We informatively list a few ways in which the L1 cache-line size is obtained in different open-source projects at compile-time.
The Linux kernel defines the __cacheline_aligned macro which is configured for each architecture through L1_CACHE_BYTES. On some architectures this value is determined through the configure-time option CONFIG_<ARCH>_L1_CACHE_SHIFT, and on others the value of L1_CACHE_SHIFT is hard-coded in the architecture’s include/asm/cache.h header.
Many open-source projects from Google contain a base/port.h header which defines the CACHELINE_ALIGNED macro based on an explicit list of architecture detection macros. These header files have often diverged.
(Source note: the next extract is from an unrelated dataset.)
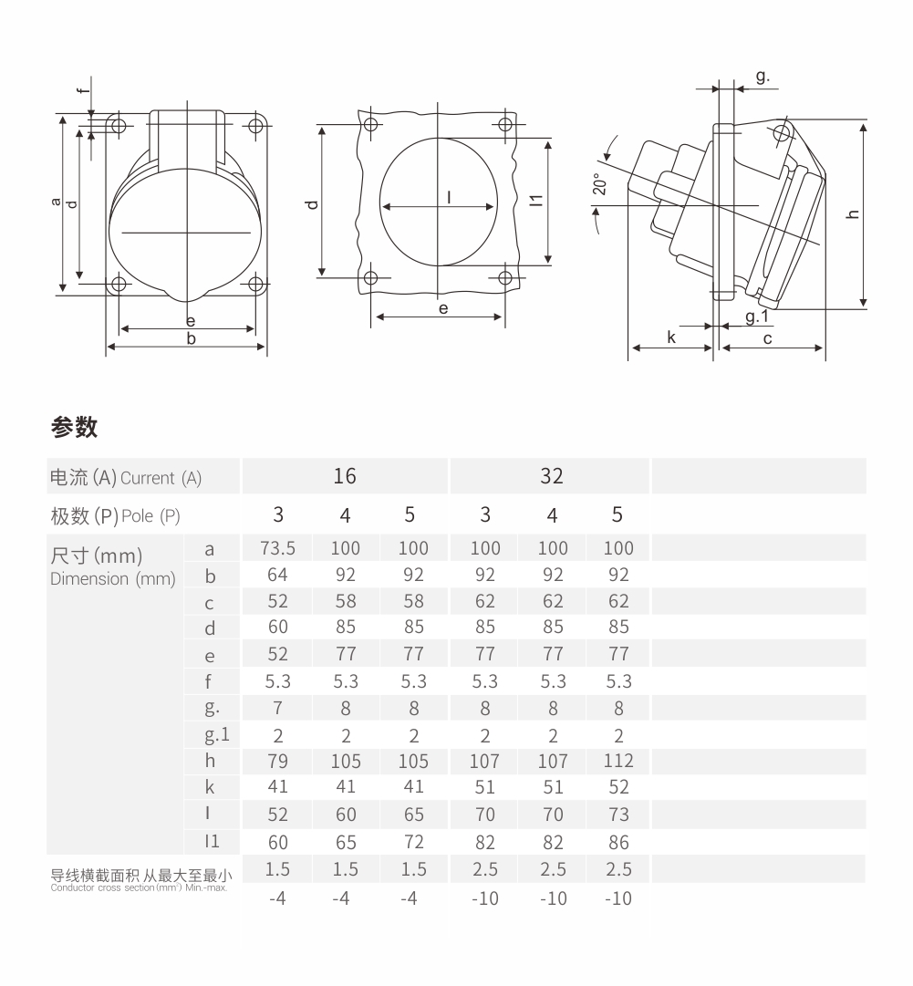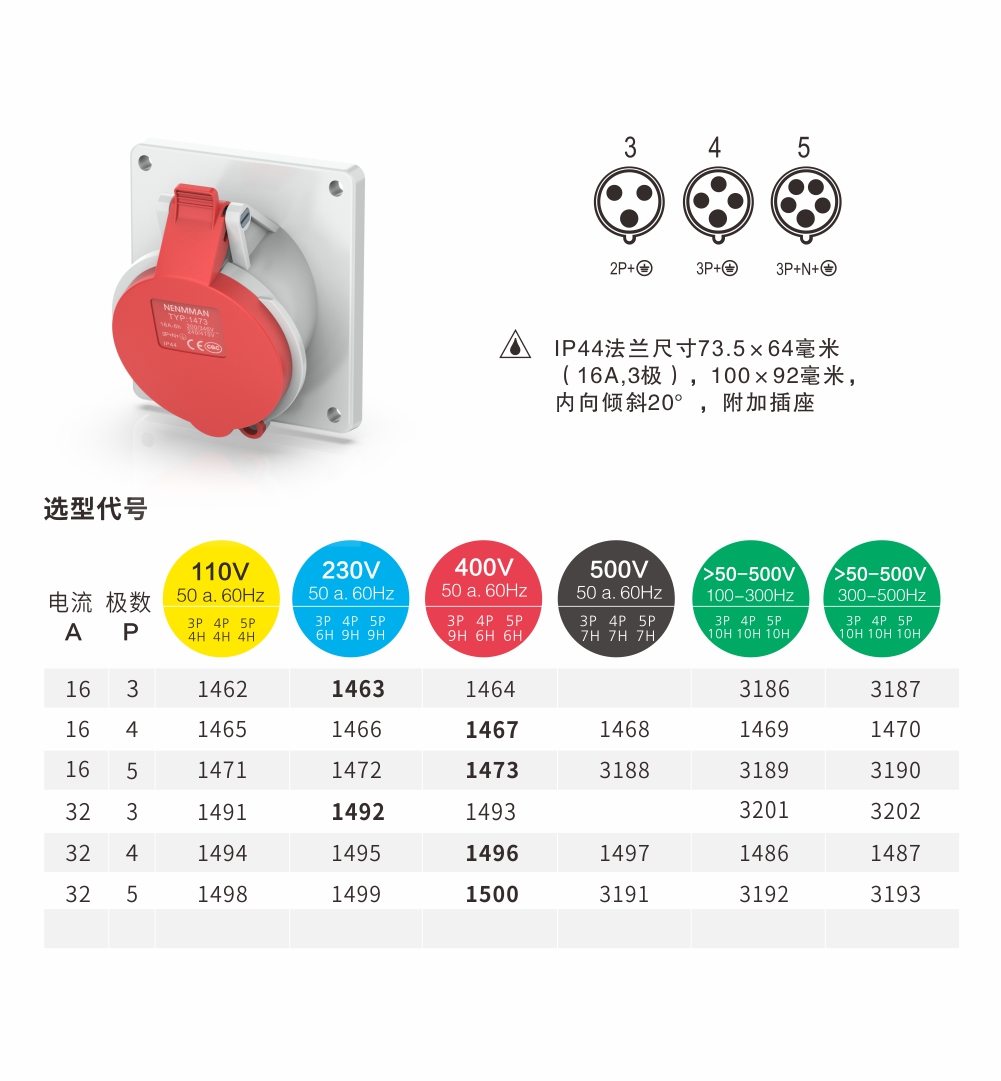 Panel Mounted Socket 16A/5P-1473 IP44 400V Oblique insertion
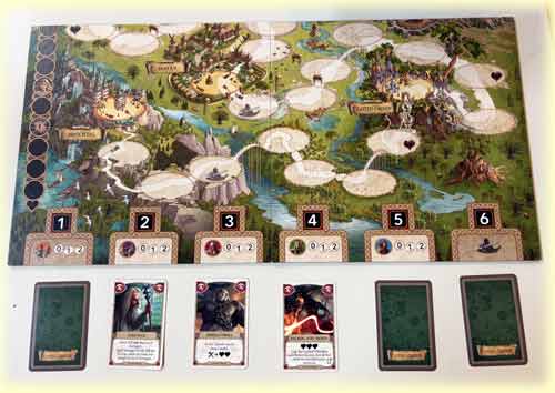 Der Grund dafür ist, dass von den sechs ausliegenden Karten fünf Bedrohungen sind und 2 gute Effekte haben. Das gilt übrigens für jede Etappe, immer scheidet eine der sieben Karten zufällig aus dem Spiel aus. Diese werden neben die Felder mit der schwarzen Zahl am Spielplan gelegt.

A token example from the autofdo project is:
// Cache line alignment
#if defined(__i386__) || defined(__x86_64__)
#define CACHELINE_SIZE 64
#elif defined(__powerpc64__)
// TODO(dougkwan) This is the L1 D-cache line size of our Power7 machines.
// Need to check if this is appropriate for other PowerPC64 systems.
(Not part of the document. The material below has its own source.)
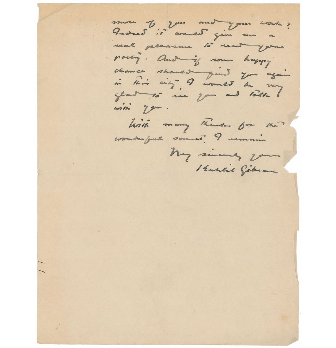 Lebanese-American artist and writer (1883–1931) best known for his writings on religion and for his best-selling 1923 spiritual-philosophical classic The Prophet. ALS signed “Kahlil Gibran,” two pages, 8.5 x 11, October 15, 1915. Letter to poet Orrick Johns. In part: “How more than gracious of you to send me this remarkable sonnet. It delights me exceedingly, and though it reveals a world beyond my reach I cannot but be moved by it. And what is this in life that sustains us, we poor children of hunger and thirst, but that which intensifies our thirst and deepens our hunger? Is it not the unattainable that loves and comforts us?—and how well you have expressed the unattainable in your sonnet. And may I not know more of you and your work? Indeed it would give me a real pleasure to read your poetry. And if some happy chance should find you again in this city, I would be very glad to see you and talk with you…many thanks for that wonderful sonnet.” In very good condition, with central vertical and horizontal folds, a few areas of paper loss and several tears to edges (not substantially affecting any writing), and scattered creases.
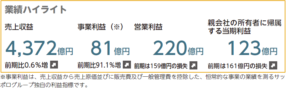 以上の結果、酒類事業の売上収益は2,897億円(前期比43億円、1.5%増)となり、事業利益は54億円(前期比31億円、129.7%増)、営業利益は21億円(前期は49億円の損失)となりました。

#define CACHELINE_SIZE 128
#elif defined(__arm__)
// Cache line sizes for ARM: These values are not strictly correct since
// cache line sizes depend on implementations, not architectures. There
// are even implementations with cache line sizes configurable at boot
// time.
#if defined(__ARM_ARCH_5T__)
#define CACHELINE_SIZE 32
#elif defined(__ARM_ARCH_7A__)
#define CACHELINE_SIZE 64
#endif
#endif
#ifndef CACHELINE_SIZE
// A reasonable default guess. Note that overestimates tend to waste more
// space, while underestimates tend to waste more time.
#define CACHELINE_SIZE 64
#endif
#define CACHELINE_ALIGNED __attribute__((aligned(CACHELINE_SIZE)))
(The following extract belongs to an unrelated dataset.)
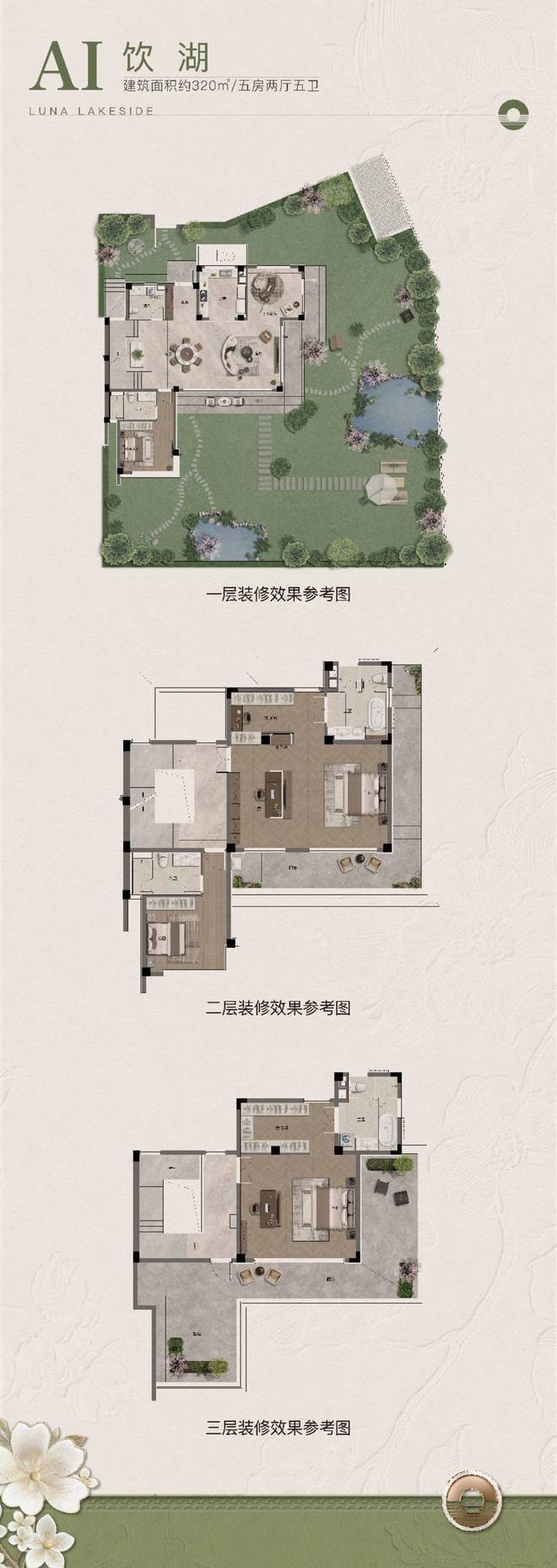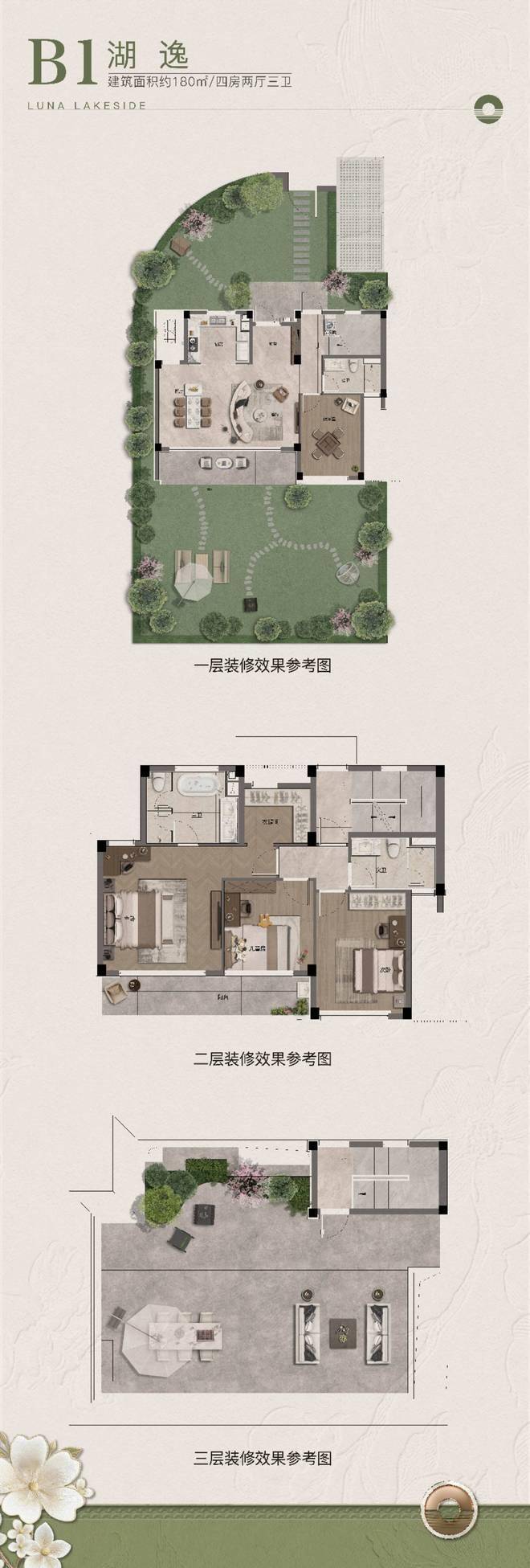 最大花园近400㎡,一楼檐廊听雨,三楼露台赏花,上庭下院,每一层都有延伸生活的花园空间。

We informatively list a few ways in which the L1 cache-line size can be obtained on different operating systems and architectures at runtime. Libraries such as hwloc perform these queries, and could also be added to the standard as a separate proposal.
On OSX one would use:
sysctlbyname("hw.cachelinesize", &cacheline_size, &sizeof_cacheline_size, 0, 0)
On Windows one would use:
GetLogicalProcessorInformation(&buf[0], &sizeof_buf);
for (i = 0; i != sizeof_buf / sizeof(SYSTEM_LOGICAL_PROCESSOR_INFORMATION); ++i) {
if (buf[i].Relationship == RelationCache && buf[i].Cache.Level == 1)
cacheline_size = buf[i].Cache.LineSize;
On Linux one would either use:
p = fopen("/sys/devices/system/cpu/cpu0/cache/index0/coherency_line_size", "r");
fscanf(p, "%d", &cacheline_size);
or:
sysconf(_SC_LEVEL1_DCACHE_LINESIZE);
On x86 one would use the CPUID Instruction with EAX = 80000005h, which leaves the result in ECX, which needs further work to extract.
On ARM one would use mrs %[ctr], ctr_el0, which needs further work to extract.